So what happens when large reef complexes are degraded?
As ocean waves move into shallow water they begin to interact with the sea floor, dissipating some of their energy in the process (i.e. the energy associated with friction). Coral reefs absorb much of the wave energy because their seaward margins are highly irregular and rough; everywhere you look there are nooks and crannies among the myriad forms of coral, sponges and algae (the scientific article here is Open Access). Waves that interact with the rough reef exterior generate eddies and turbulence; the energy to do this must come from the waves themselves such that the total energy in a wave decreases. Corals are sometimes damaged by large, energetic waves during storms, but they will usually regrow; importantly this regrowth takes place on a strong foundation. On dead or dying reefs, regrowth will be much slower or not occur at all, and in this situation the reef foundations begin to weaken. A dead or dying reef’s ability to dampen wave energy decreases, so that waves entering a lagoon or approaching a shore will be more energetic.

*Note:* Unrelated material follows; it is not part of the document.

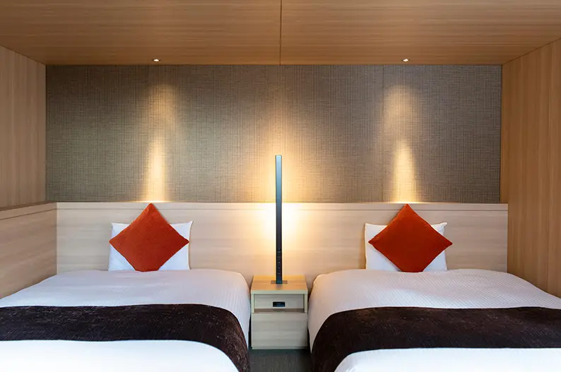 天然温泉の大浴場があり、移動の疲れを家族でリセットしやすいホテル。館内は清潔感があり、連泊でも過ごしやすい設備が整っています。駅から近く、周辺も整備された街並みなのでベビーカー移動もしやすいのが安心。駐車場は館内になく提携駐車場利用のため、車移動の方は事前に場所と導線を確認しておくとスムーズです。

A recent study of reefs in French Polynesia (Moorea and Tahiti), that measured and modeled incoming waves (Open Access), suggests that reef degradation could result in a doubling of wave heights in the lagoons and protected coasts. Such changes to the wave climate at the coast would be devastating to say the least, especially if these conditions were to occur on atolls. Maintenance of the wave damping effects of reefs is critical if coastal damage is to be avoided; reefs in a state of decay will not provide such protection. The study also determined that wave-damping by healthy reefs was potentially more significant than the effects of level rise. In the case of atolls, that are generally only 2-3m above sea level, doubling wave height would result in waves flooding farther inland, even during normal weather conditions. The increase in wave energy, particularly during storms, would erode beaches and coastal structures, and redistribute sediment back to the reef or lagoon. Barrier reef coasts would also be exposed to much greater levels of erosion and sediment redistribution.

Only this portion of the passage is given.